#### [THE TASK]
With the pictures omitted, output word for word the lines from the one containing "A post on the" through the end of the records.

#### [DATA SUPPLIED]
☆ ☆ ☆ ☆ ☆ ☆ ☆

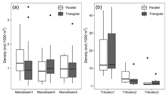 Fish density estimates were similar for the three survey units of the mainstream, while there was a clear trend of increasing fish density with increasing distance from the mainstream in the tributary survey units (Table 2). For the mainstream, the standard deviations of density estimates under the triangular survey design were relatively higher than those under the parallel survey design, which was related to the outlier values under the triangular survey design (Figure 2a). For the tributary, in the survey unit close to the mainstream (i.e., Tributary3), the standard deviation of density estimates for the parallel design was considerably higher than for the triangular design (Figure 2b). The survey unit located at the furthest end of the tributary (i.e., Tributary1) had considerably higher density estimates with a large variation (Table 2, Figure 2b).
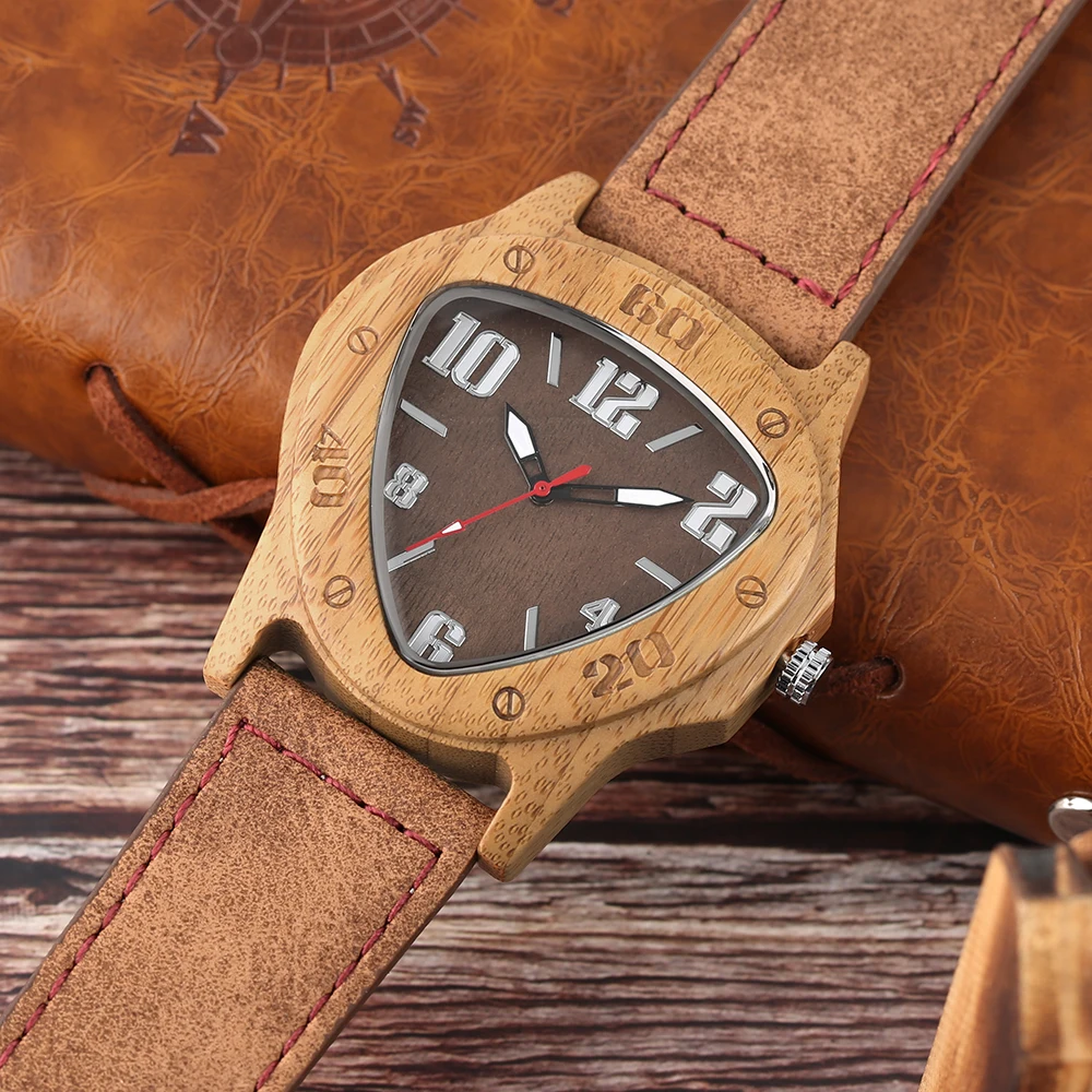 Уникальные деревянные часы для мужчин, спортивные треугольные Мужские кварцевые часы с геометрическим дизайном для гонок, мужские часы с бамбуковым корпусом
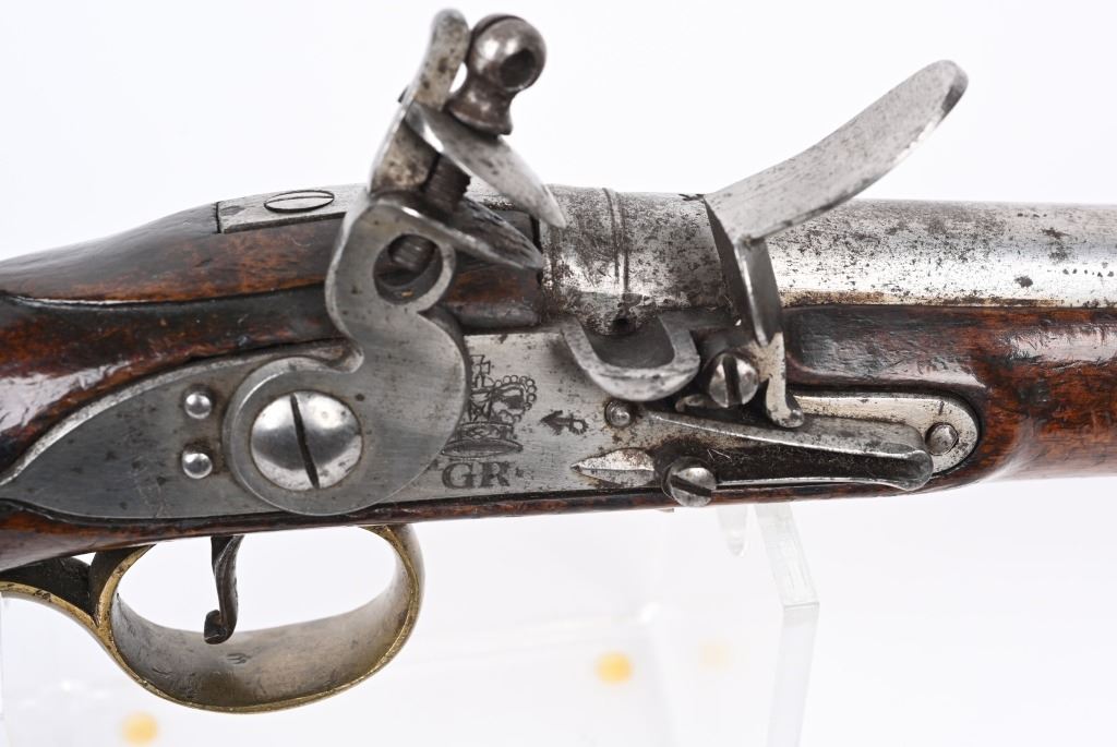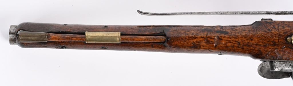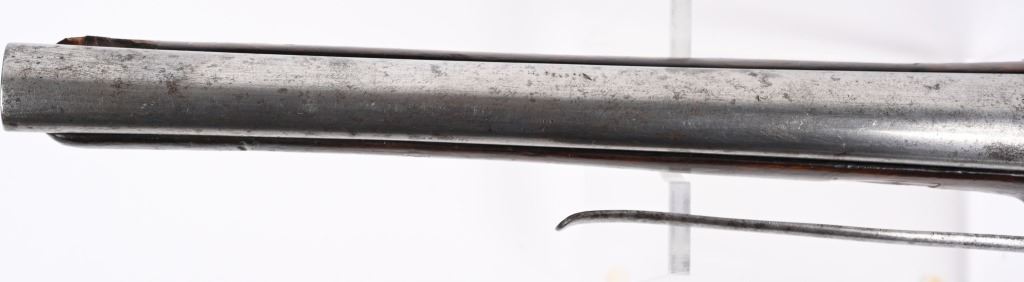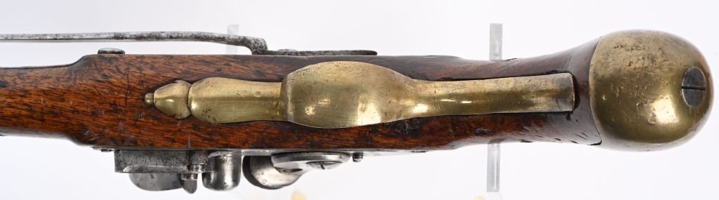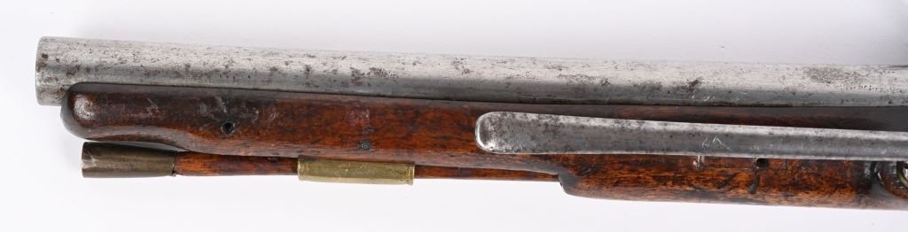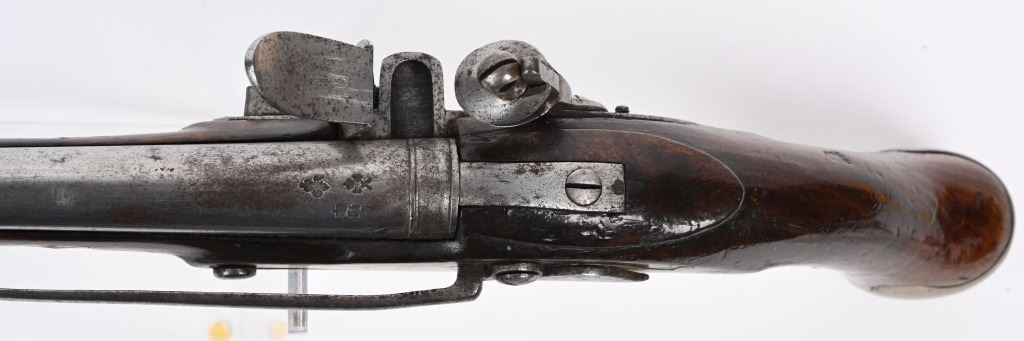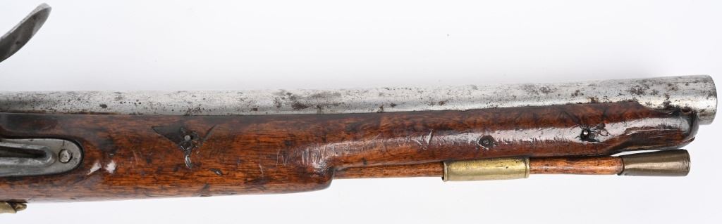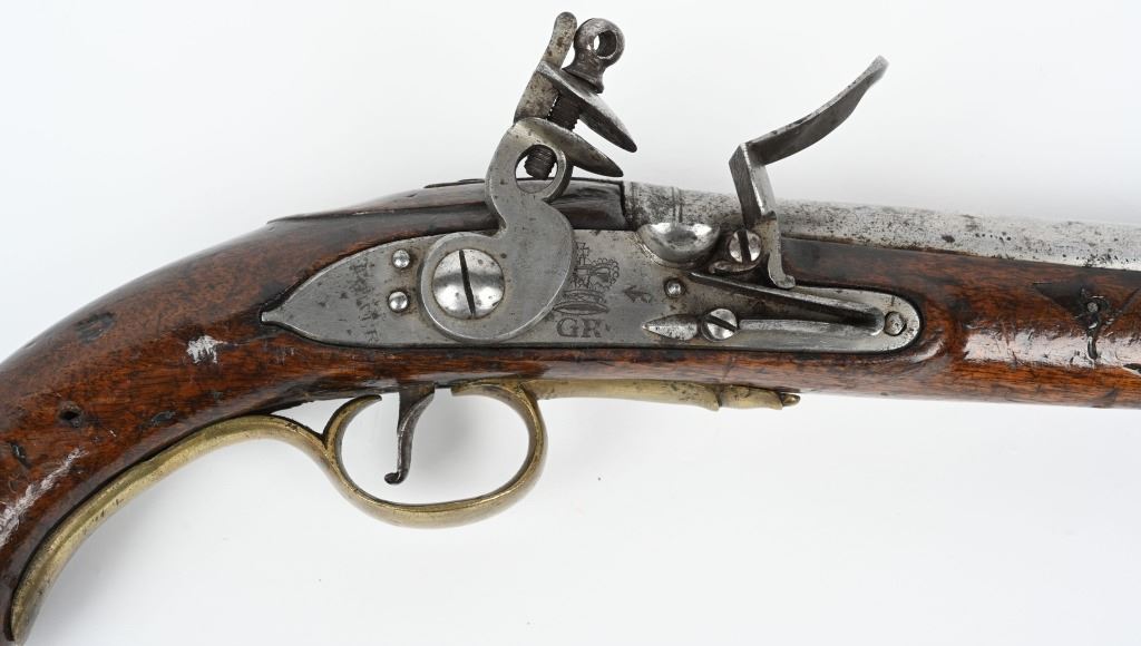 SERIAL NUMBER N/A BARREL 12" CALIBER 566 SMOOTHBORE. MANUFACTURED CIRCA 1870'S. Walnut stock with tapered round barrel with Crown GR proof and Crown IP proof. Lock marked TOWER tail with royal cipher and GR at base. Brass trigger guard and butt cap. Single loading rod pipe of brass with no guide. CONDITION, Good with a pleasant mottled grey color. Stocks have had additional finish added. Small chip at muzzle of stock and several bruises and impressions from period of use. Lock fails to hold at full cock and tumbler needs attention ANTIQUE
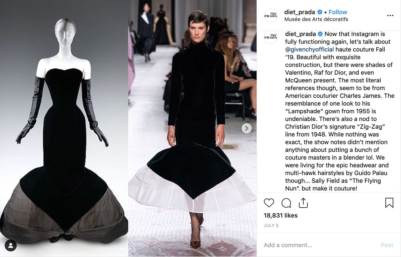 A post on the @dietprada Instagram account, calling out a Balenciaga look from the label’s fall 2019 haute couture collection.
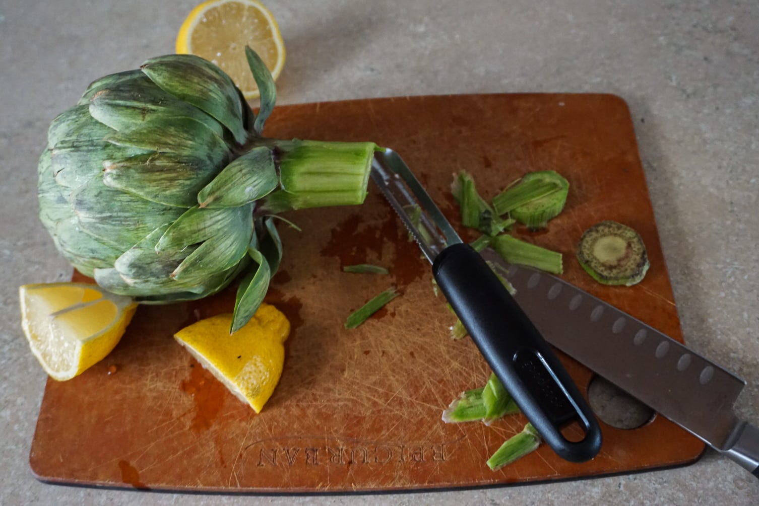 Step two: Take a peeler to the stem of the artichoke, then rub all exposed areas (the now-flat top of the globe where the cut was made and all over the stem) with lemon. This helps with flavor and prevents the artichoke from browning.
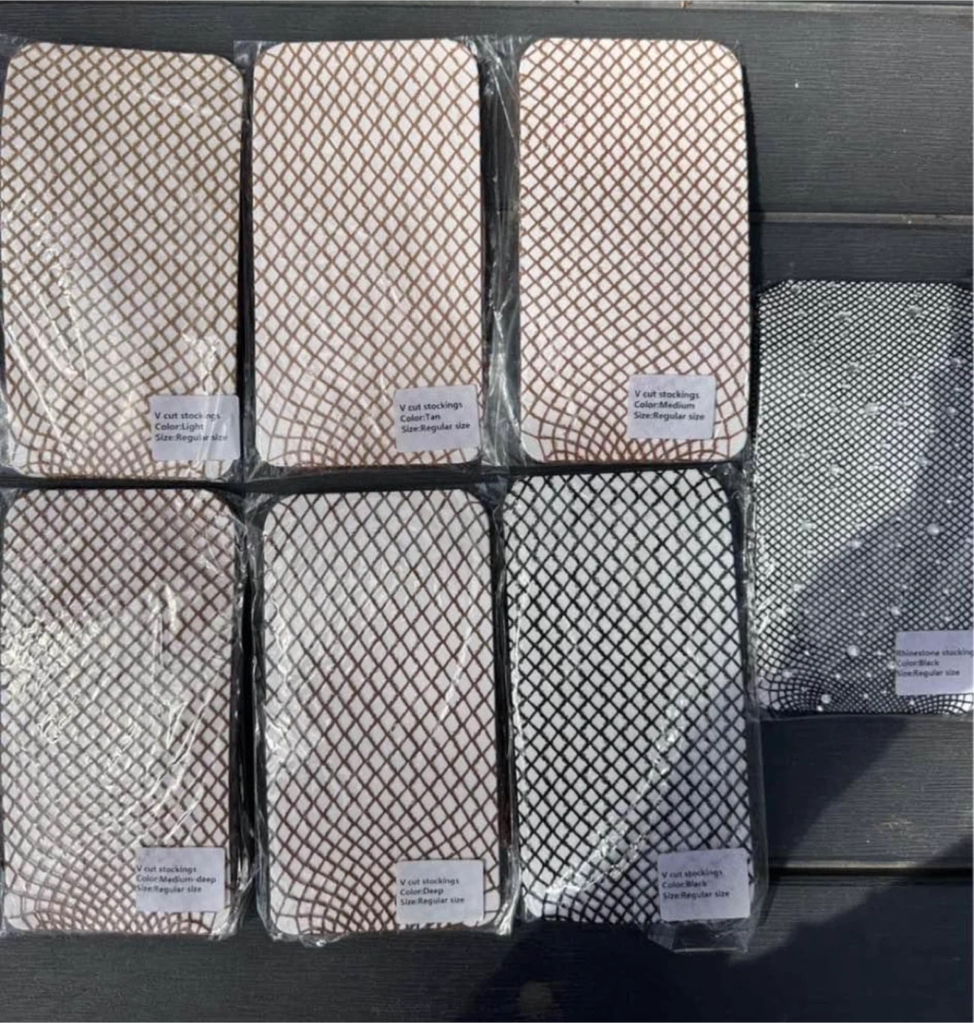 These V-cut stockings come in tan, black, and nude colours. They are fishnet style and a regular size. Also includes one pair of rhinestone stockings in black, regular size.

☆ ☆ ☆ ☆ ☆ ☆ ☆

#### [RESPONSE]
 A post on the @dietprada Instagram account, calling out a Balenciaga look from the label’s fall 2019 haute couture collection.
 Step two: Take a peeler to the stem of the artichoke, then rub all exposed areas (the now-flat top of the globe where the cut was made and all over the stem) with lemon. This helps with flavor and prevents the artichoke from browning.
 These V-cut stockings come in tan, black, and nude colours. They are fishnet style and a regular size. Also includes one pair of rhinestone stockings in black, regular size.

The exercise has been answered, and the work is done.